YOUR OBJECTIVE - Can you quote, word for word, every line from the first line of the records below through the line containing "const solution = (n, words)", and nothing else?
─── SUPPLIED DATA
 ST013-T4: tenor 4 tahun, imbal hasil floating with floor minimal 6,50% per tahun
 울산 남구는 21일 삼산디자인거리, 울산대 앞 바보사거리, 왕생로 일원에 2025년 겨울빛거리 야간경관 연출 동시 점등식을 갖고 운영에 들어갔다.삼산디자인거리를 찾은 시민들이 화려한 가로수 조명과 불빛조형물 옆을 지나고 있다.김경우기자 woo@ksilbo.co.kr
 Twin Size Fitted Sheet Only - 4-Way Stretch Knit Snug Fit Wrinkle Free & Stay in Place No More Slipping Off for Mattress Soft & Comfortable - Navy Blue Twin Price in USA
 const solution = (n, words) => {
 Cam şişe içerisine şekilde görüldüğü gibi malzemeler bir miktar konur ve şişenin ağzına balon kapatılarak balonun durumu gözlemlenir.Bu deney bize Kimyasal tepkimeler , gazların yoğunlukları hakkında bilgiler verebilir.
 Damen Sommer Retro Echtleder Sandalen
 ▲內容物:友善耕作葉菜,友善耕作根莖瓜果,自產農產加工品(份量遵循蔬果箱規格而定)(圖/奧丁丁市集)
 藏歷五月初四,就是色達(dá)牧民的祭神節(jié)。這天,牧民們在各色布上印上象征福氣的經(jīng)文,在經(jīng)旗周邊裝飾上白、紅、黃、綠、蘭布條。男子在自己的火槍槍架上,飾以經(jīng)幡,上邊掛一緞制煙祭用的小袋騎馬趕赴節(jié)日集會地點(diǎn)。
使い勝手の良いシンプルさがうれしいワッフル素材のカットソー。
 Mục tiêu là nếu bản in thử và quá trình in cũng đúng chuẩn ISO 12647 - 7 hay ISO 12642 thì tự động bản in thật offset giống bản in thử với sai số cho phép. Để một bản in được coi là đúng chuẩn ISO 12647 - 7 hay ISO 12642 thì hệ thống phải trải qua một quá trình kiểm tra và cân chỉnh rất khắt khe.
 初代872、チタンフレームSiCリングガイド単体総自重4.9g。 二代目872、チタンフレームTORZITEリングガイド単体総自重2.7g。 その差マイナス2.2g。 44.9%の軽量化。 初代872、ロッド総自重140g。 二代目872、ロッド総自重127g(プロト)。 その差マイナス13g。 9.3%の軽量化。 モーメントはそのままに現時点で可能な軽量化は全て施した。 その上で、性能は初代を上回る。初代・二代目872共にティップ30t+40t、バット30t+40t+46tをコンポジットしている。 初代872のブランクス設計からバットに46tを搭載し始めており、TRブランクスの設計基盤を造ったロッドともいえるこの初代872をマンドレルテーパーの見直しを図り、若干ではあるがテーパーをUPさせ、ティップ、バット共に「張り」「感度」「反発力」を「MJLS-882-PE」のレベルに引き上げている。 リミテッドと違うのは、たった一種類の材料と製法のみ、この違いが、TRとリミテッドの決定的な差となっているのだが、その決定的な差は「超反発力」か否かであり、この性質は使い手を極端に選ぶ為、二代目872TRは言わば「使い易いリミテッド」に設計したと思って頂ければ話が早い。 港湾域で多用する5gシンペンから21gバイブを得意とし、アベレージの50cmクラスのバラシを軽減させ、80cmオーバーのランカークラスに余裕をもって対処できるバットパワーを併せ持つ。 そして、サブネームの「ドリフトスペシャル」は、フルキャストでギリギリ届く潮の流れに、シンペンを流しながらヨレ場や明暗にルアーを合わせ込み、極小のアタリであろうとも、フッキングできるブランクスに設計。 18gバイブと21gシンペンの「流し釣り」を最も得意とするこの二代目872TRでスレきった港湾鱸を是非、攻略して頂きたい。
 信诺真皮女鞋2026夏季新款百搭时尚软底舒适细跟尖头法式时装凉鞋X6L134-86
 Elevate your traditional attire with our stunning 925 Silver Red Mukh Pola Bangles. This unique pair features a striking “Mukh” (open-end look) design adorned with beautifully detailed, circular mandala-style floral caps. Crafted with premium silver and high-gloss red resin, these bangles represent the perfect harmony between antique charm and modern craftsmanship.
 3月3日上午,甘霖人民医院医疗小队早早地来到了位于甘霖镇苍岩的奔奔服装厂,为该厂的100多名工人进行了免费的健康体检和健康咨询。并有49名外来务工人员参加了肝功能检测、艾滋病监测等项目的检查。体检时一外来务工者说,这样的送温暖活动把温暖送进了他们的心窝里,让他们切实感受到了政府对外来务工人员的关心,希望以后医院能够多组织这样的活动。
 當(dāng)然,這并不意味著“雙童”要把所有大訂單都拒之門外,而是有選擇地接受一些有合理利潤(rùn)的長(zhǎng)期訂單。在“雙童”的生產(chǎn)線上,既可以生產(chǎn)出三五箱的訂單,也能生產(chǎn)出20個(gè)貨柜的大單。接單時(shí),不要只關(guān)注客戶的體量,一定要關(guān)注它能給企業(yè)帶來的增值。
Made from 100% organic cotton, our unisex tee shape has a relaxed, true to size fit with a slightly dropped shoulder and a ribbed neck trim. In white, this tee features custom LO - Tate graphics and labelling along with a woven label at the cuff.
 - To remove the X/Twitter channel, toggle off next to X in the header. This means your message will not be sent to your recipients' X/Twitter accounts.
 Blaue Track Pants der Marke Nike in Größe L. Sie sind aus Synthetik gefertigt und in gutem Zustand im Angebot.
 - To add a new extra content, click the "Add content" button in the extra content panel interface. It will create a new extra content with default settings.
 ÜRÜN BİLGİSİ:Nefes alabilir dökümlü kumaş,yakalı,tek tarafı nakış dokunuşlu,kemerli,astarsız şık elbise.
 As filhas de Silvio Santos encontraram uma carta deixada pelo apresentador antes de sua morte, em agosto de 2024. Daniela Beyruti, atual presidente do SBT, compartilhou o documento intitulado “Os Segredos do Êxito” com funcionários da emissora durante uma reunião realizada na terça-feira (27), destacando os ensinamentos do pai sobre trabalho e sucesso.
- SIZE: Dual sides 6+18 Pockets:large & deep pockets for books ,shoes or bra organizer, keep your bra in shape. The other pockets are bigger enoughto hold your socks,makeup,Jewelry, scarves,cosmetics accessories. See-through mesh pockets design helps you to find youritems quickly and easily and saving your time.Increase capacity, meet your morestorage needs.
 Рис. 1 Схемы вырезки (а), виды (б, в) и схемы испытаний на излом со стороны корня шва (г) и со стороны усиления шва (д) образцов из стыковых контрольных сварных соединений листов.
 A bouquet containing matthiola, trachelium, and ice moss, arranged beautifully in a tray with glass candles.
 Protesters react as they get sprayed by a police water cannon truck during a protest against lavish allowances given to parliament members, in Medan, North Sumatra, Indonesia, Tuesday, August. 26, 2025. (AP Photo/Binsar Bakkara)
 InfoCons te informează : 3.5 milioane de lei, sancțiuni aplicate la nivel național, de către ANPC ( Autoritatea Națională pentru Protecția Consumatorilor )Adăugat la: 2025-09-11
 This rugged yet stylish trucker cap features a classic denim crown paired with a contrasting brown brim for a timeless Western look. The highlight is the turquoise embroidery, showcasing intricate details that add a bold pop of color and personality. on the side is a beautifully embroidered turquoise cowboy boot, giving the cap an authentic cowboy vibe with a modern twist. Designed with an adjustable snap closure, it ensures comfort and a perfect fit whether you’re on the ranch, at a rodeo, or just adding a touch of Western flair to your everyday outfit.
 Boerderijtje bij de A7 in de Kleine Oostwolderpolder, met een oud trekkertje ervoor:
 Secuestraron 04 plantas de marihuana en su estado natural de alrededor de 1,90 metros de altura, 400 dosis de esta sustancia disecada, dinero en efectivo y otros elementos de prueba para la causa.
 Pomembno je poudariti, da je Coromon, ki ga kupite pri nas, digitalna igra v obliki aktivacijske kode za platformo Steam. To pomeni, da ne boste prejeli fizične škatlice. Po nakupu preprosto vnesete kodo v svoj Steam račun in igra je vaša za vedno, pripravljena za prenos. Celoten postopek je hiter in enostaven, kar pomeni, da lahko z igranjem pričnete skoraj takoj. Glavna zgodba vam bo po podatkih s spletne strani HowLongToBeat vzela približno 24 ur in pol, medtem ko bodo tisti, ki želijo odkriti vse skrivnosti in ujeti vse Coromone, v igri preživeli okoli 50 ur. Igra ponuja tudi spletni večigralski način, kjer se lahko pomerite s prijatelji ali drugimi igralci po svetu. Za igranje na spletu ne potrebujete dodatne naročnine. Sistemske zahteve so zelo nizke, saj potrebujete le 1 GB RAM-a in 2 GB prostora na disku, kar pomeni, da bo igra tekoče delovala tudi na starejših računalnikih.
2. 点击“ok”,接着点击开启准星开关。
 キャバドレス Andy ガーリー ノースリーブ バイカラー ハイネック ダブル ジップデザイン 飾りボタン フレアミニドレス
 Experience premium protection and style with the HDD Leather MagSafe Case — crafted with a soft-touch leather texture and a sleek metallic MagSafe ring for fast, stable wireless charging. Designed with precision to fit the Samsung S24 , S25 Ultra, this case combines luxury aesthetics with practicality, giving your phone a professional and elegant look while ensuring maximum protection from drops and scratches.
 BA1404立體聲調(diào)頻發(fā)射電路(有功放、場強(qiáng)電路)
──────
WRITTEN ANSWER -
 ST013-T4: tenor 4 tahun, imbal hasil floating with floor minimal 6,50% per tahun
 울산 남구는 21일 삼산디자인거리, 울산대 앞 바보사거리, 왕생로 일원에 2025년 겨울빛거리 야간경관 연출 동시 점등식을 갖고 운영에 들어갔다.삼산디자인거리를 찾은 시민들이 화려한 가로수 조명과 불빛조형물 옆을 지나고 있다.김경우기자 woo@ksilbo.co.kr
 Twin Size Fitted Sheet Only - 4-Way Stretch Knit Snug Fit Wrinkle Free & Stay in Place No More Slipping Off for Mattress Soft & Comfortable - Navy Blue Twin Price in USA
 const solution = (n, words) => {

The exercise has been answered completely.